REQUIREMENT | Start at the first line below and write out everything verbatim except the pictures.

##### PROVIDED INFORMATION

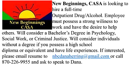 New Beginnings, CASA Seeking Outpatient Drug/Alcohol Employee
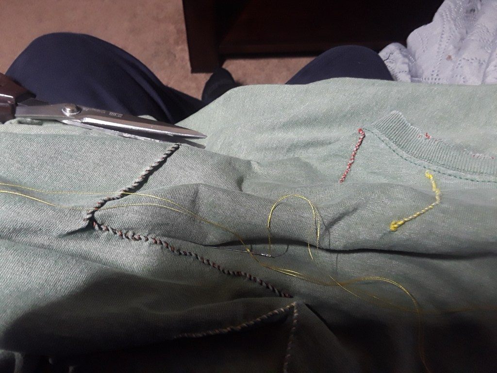 When I was 30, I made a shirt for someone I initially thought was mocking me. He pulled me aside to correct me and told me that the idea was perfection to him. Because he was a large black man, I chose a very large shirt. I monogrammed his nickname along one sleeve and put hundreds of stitch lines on it. It was the only time that I worked hard to get the stitches perfectly aligned. When I handed him the shirt, he teared up. “Wow. I bet this took twenty hours to make, X!” I shook my head. “No, it took fifty.” He couldn’t believe that I spent so much time making him the shirt. He died much too young a few years later. What breaks my heart when I think too long about it? I told him I could teach him to do basic stitching in less than 15 minutes. So it came to pass that I sat in an industrial office in a vast poultry plant patiently showing another grown man how to stitch. It occurred to me how strange the idea would have been to my Grandma.
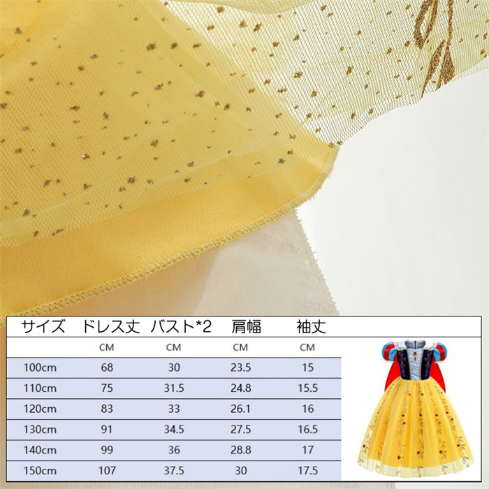 新作白雪姫 ドレス 子供用 ハロウィン コスプレ 変装 仮装 ワンピース 特集 100cm 110cm 120cm 130cm 140cm 150cm
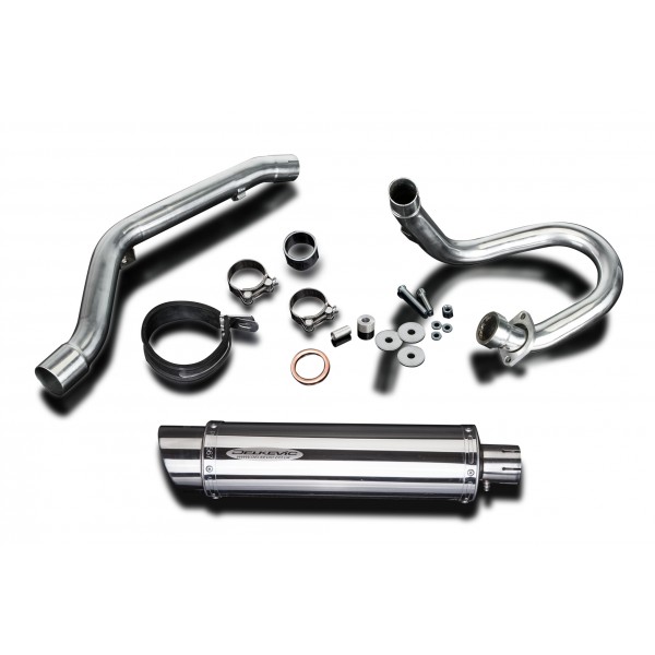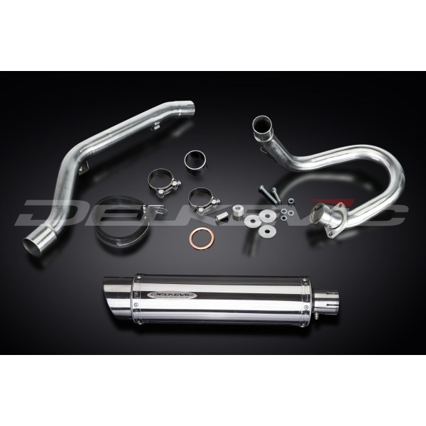 • This set includes - Delkevic down pipe, link pipe, Delkevic silencer with a removable baffle, strap, clamps, spacers, cap screws, nyloc nut, and gaskets.
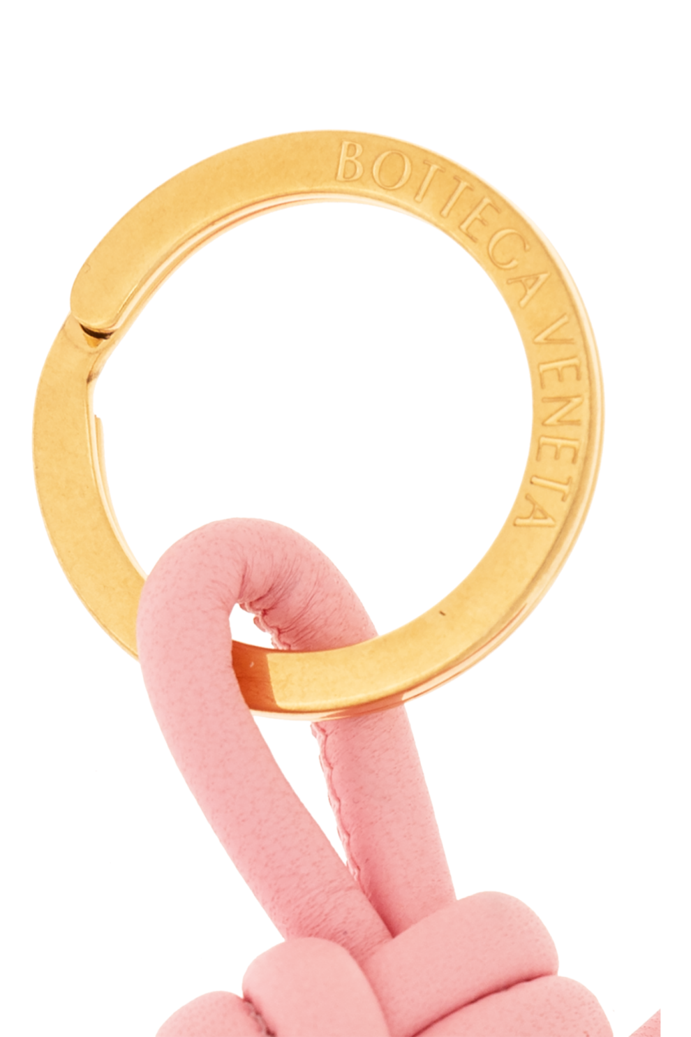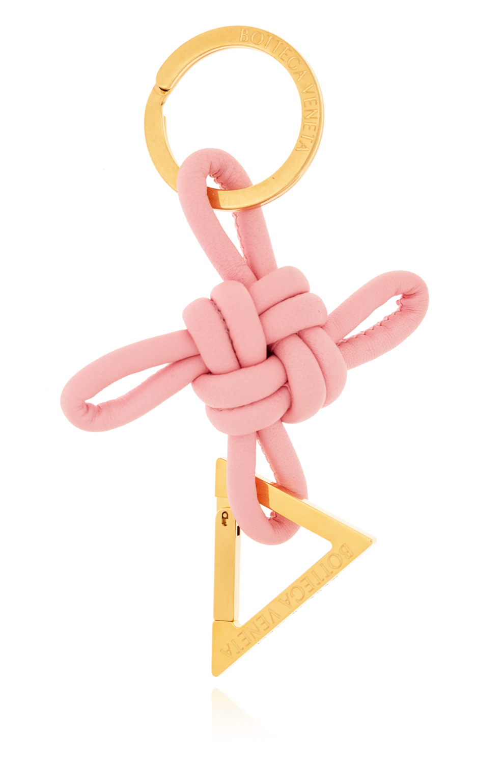 Характерное переплетение и декоративная кожаная тесьма отсылают к культовому наследию Bottega Veneta, превращая небольшой аксессуар в выразительный объект стиля. С одной стороны — фирменный карабин в узнаваемой треугольной форме, с другой — классическое металлическое кольцо, обеспечивающее удобство и универсальность в использовании. Тонко выгравированный логотип бренда служит ненавязчивым знаком исключительного качества.

##########

SOLVED PROBLEM |
 New Beginnings, CASA Seeking Outpatient Drug/Alcohol Employee
 When I was 30, I made a shirt for someone I initially thought was mocking me. He pulled me aside to correct me and told me that the idea was perfection to him. Because he was a large black man, I chose a very large shirt. I monogrammed his nickname along one sleeve and put hundreds of stitch lines on it. It was the only time that I worked hard to get the stitches perfectly aligned. When I handed him the shirt, he teared up. “Wow. I bet this took twenty hours to make, X!” I shook my head. “No, it took fifty.” He couldn’t believe that I spent so much time making him the shirt. He died much too young a few years later. What breaks my heart when I think too long about it? I told him I could teach him to do basic stitching in less than 15 minutes. So it came to pass that I sat in an industrial office in a vast poultry plant patiently showing another grown man how to stitch. It occurred to me how strange the idea would have been to my Grandma.
 新作白雪姫 ドレス 子供用 ハロウィン コスプレ 変装 仮装 ワンピース 特集 100cm 110cm 120cm 130cm 140cm 150cm
 • This set includes - Delkevic down pipe, link pipe, Delkevic silencer with a removable baffle, strap, clamps, spacers, cap screws, nyloc nut, and gaskets.
 Характерное переплетение и декоративная кожаная тесьма отсылают к культовому наследию Bottega Veneta, превращая небольшой аксессуар в выразительный объект стиля. С одной стороны — фирменный карабин в узнаваемой треугольной форме, с другой — классическое металлическое кольцо, обеспечивающее удобство и универсальность в использовании. Тонко выгравированный логотип бренда служит ненавязчивым знаком исключительного качества.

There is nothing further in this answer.